"Андрей Левкин. Цыганский роман (повести и рассказы)" - читать интересную книгу автора

Представители двух полунаучных дисциплин, как то: культурной и
социальной антропологии и истории моды - объединили проявления искусства
самоукрашения, этого наиболее пригодного для самовыражения вида искусства, в
две большие группы, складывающиеся по формальным признакам: подвижные
(изменяемые) и неподвижные (неизменяемые) личные украшения.
К первой категории относят одежду и элементы украшений на одежде,
ювелирные изделия на теле и одежде, прическу, действия, связанные с
отращиванием или удалением волосяного покрова на теле и лице, лаковое
покрытие и/или ювелирное украшение зубов.
Ко второй категории относят методы, с помощью которых осуществляются
неудалимые и невосстанавливаемые изменения на теле. Обычно эти методы
называют искажением тела. Сюда относят искажения черепа, перфорацию губ,
носа и ушей, удаление или затачивание отдельных зубов, а также такие
операции на теле, какими являются различные формы обрезания мужского
полового органа (циркумцизия, эксцизия, инцизия, субинцизия) и женская
клитородектомия (частичное или полное удаление клитора). Широко
распространенными формами искажения тела являются методы изменения кожного
покрова, которые обобщенно называют татуировкой.

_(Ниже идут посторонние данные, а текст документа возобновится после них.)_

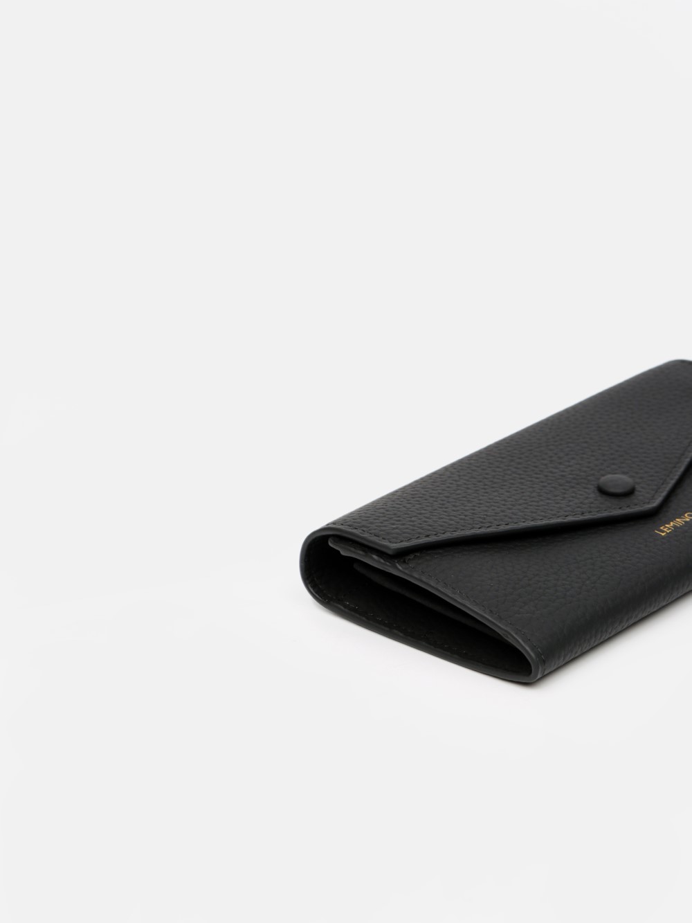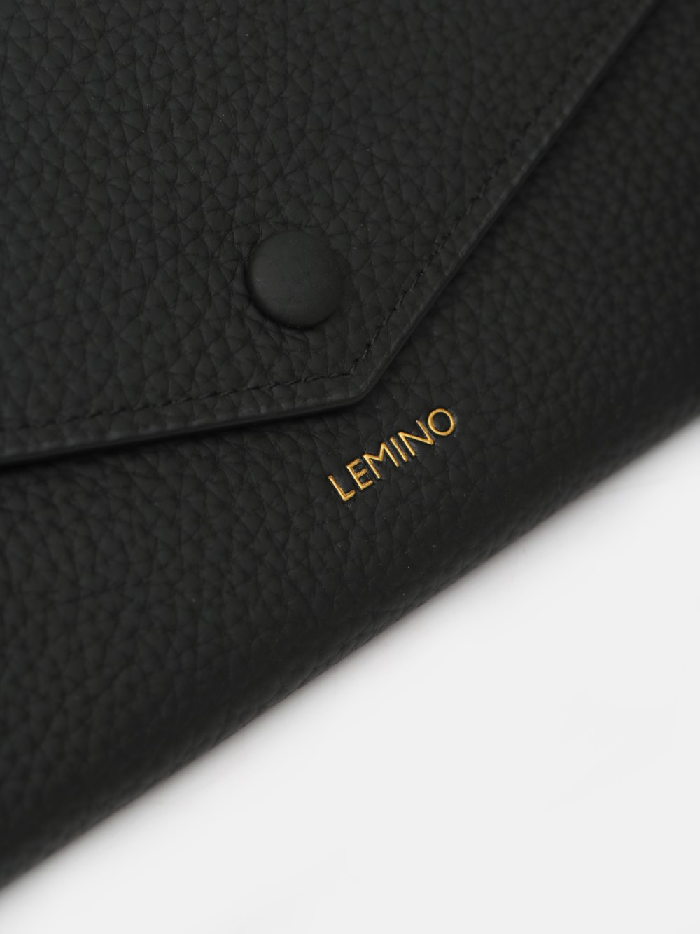 Được tái hiện lại vẻ bề ngoài giống như một chiếc bì thư quen thuộc, nắp gập với khuy bấm chắc chắc cùng cấu trúc ngăn đa dạng thường thấy ở các thiết kế ví cầm tay nữ của Lemino.

Само слово введено в европейские языки Куком, вернувшимся из Океании
(1768-1771 гг.), где тот впервые встретился с этим обычаем на острове Таити
в 1769 году, там это называлось "татау". Дальнейшие исторические сведения не
важны, следует лишь знать, что существуют три техники татуировки: точечная,
или пунктирная, рубцовая и шовная. Точечная, или пунктирная наиболее,
видимо, известна читателю-европейцу. Техника рубцовой связана с образованием
келлоидной ткани в результате заживления прижиганий, надрезов и пр.; она, то
есть, рельефна. Суть шовной состоит в том, что под кожный надрез с помощью
тонкого острого предмета продергивается крашеная нить. Фирма, отметим сразу,
практиковала только пунктирную татуировку.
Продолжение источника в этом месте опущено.